The question is whether the heirs of a deceased tenant whose contractual tenancy in respect of commercial premises has been determined, are entitled to the same protection against eviction afforded by the Act to the tenant.
He came into possession as tenant on and from 1.9.1959. In April, 1970 the respondent landlord determined the tenancy by serving a notice to quit on the tenant Wasti Ram, since deceased. In September, 1970, the respondent landlord filed a petition under section 14 of the Act for the eviction of the tenant Wasti Ram from the said shop on the following grounds: (1) non-payment of rent; (2) bona fide requirement; (3) change of user from residential to commercial; (4) substantial damage to property; and (5) sub-letting.
During the pendency of the appeal, the tenant Wasti Ram died and on 5.9.1977 the present appellant Smt. Gian Devi Anand, the widow of deceased Wasti Ram, was substituted in place of Wasti Ram on the application of the landlord.
It appears from the judgment of Shah, J. that ‘the Bombay Act merely grants conditional protection to a statutory tenant and does not invest him with the right to enforce the benefit of any of the terms and conditions of the original tenancy.’
The tenant may be carrying on a business in which the member of his family residing with him may not have any interest at all and yet on the construction adopted by the High Court, such member of the family would become a tenant in respect of the business premises. The principle behind section 5(11)(c) seems to be that when a tenant is in occupation of premises, the tenancy is taken by him not only for his own benefit, but also for the benefit of the members of the family residing with him and, therefore, when the tenant dies, protection should be extended to the members of the family who were participants in the benefit of the tenancy and for whose needs inter alia the tenancy was originally taken by the tenant.
But in case of business premises, a member of the family of the tenant residing with him at the time of his death may not be in possession of the business premises; he may be in service or he may be earning on any other business.
Though provisions of all the Rent Control Acts are not uniform, the common feature of all the Rent Control Legislation is that a contractual tenant on the termination of the contractual tenancy is by virtue of the provisions of the Rent Acts not liable to be evicted as a matter of course under the ordinary law of the land and he is entitled to remain in possession even after determination of the contractual tenancy.
The provisions of the Act, therefore, make it abundantly clear that the Act does not make any distinction between a ‘so called statutory tenant’ and a contractual tenant and the Act proceeds to treat both alike and to preserve and protect the status and rights of a tenant after determination of the contractual tenancy in the same way as the status and rights of a contractual tenant are protected and preserved.

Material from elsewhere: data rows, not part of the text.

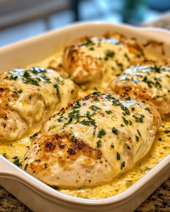 This dish pairs wonderfully with a side of steamed vegetables like broccoli or green beans to keep things light and fresh. If you’re in the mood for something heartier, consider serving it with buttery mashed potatoes or a simple pasta tossed in olive oil and garlic. A fresh garden salad with a zesty vinaigrette is also a great accompaniment, bringing a nice balance to the creamy richness of the chicken.
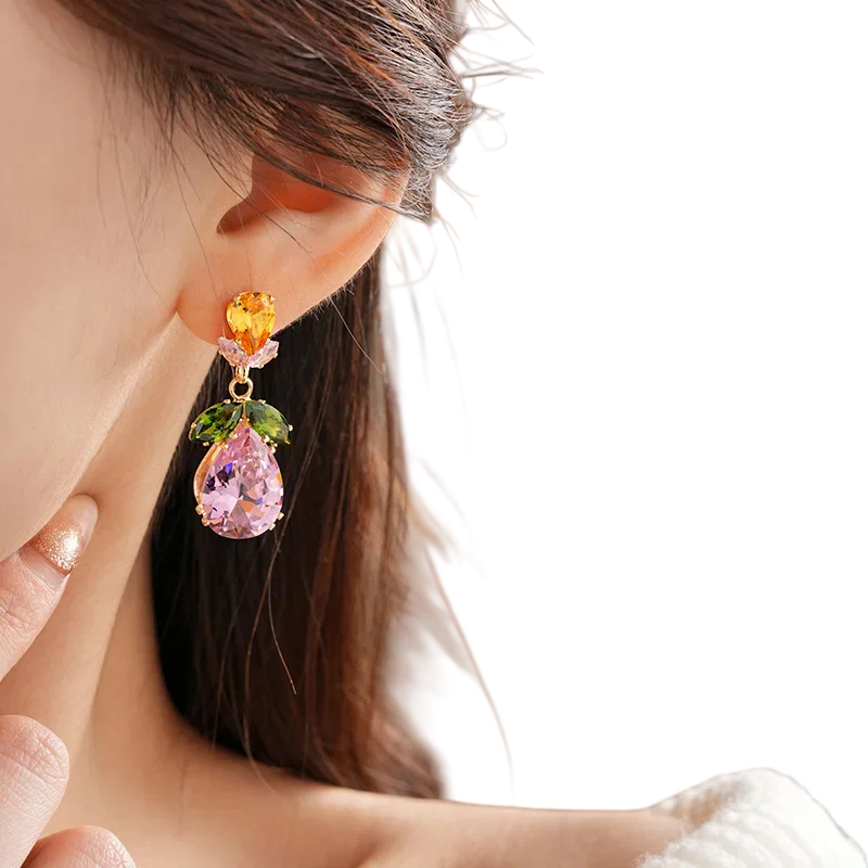Florale farbige Schmuckset Halskette 44,5 cm Ohrringe 3,9 cm Zirkon Hochzeits Abend Schmuck aus Kupfer für Frauen Ball Verlobung
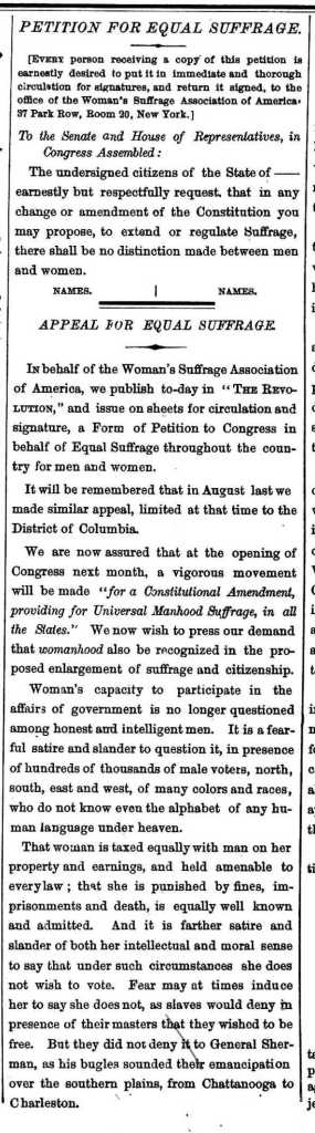 The Revolution – Susan B. Anthony’s Suffrage & Women’s Rights Newspaper, January 8, 1868“U.S.A. Women’s Suffrage.” Spartacus Educational, Spartacus Educational Publishers, spartacuseducational.com/USAWsuffragist.htm
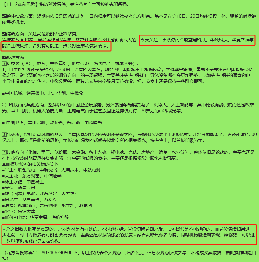 从策略上来说,后市【中国软件】的强度相对来说就比较关键了,同时关注高位科技股【华映科技】、【中化岩土】能否打开跌停板,否则做多情绪仍旧会比较弱势。若做多情绪能得到修复,比如今天强势的非科技的【英洛华】能进一步走强,那对于市场来说肯定是好事。届时可以关注率先止跌且领涨的科技分支,而选股上不管是大成交额还是小成交额,还是尽量选择10个交易日内距离100%涨幅仍有较大空间的个股,有会议消息刺激的更好。而对于持仓来说,只要趋势没有走坏,就可以多保持一些耐心。
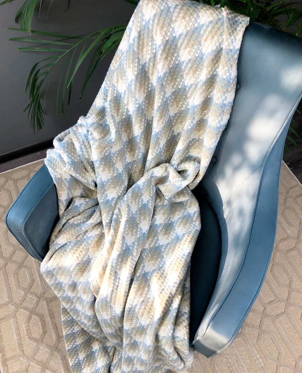 Например, пледы Paris и Napoli сотканы из очень мягкого материала – ацетатного волокна. Это искусственные нити, которые приятные на ощупь, хорошо держат форму и позволяют изделию надолго сохранить упругость. Кроме того, за такой тканью легко ухаживать. Достаточно лишь несколько раз смочить ткань в теплой воде с растворенным в ней средством для стирки, чтобы плед восстановил опрятный вид даже после долго использования.

The Legislature could never have possibly intended that with the death of a tenant of the commercial premises, the business carried on by the tenant, however flourishing it may be and even if the same constituted the source of livelihood of the members of the family, must necessarily come to an end on the death of the tenant, only because the tenant died after the contractual tenancy had been terminated.
Commercial premises are let out not only to individuals but also to Companies, Corporations and other statutory bodies having a juristic personality.
It can hardly be conceived that the Legislature would intend to deny to one class of tenants, namely, individuals, the protection which will be enjoyed by the other class, namely, the Corporations and Companies and other bodies with juristic personality under the Act.
if the Rent Act in question defines a tenant in substance to mean a tenant who continues to remain in possession even after the termination of the contractual tenancy till a decree for eviction against him is passed’, the tenant even after the determination of the tenancy continues to have an estate or interest in the tenanted premises and the tenancy rights both in respect of residential premises and commercial premises are heritable. The heirs of the deceased tenant in the absence of any provision in the Rent Act to the contrary will step into the position of the deceased tenant.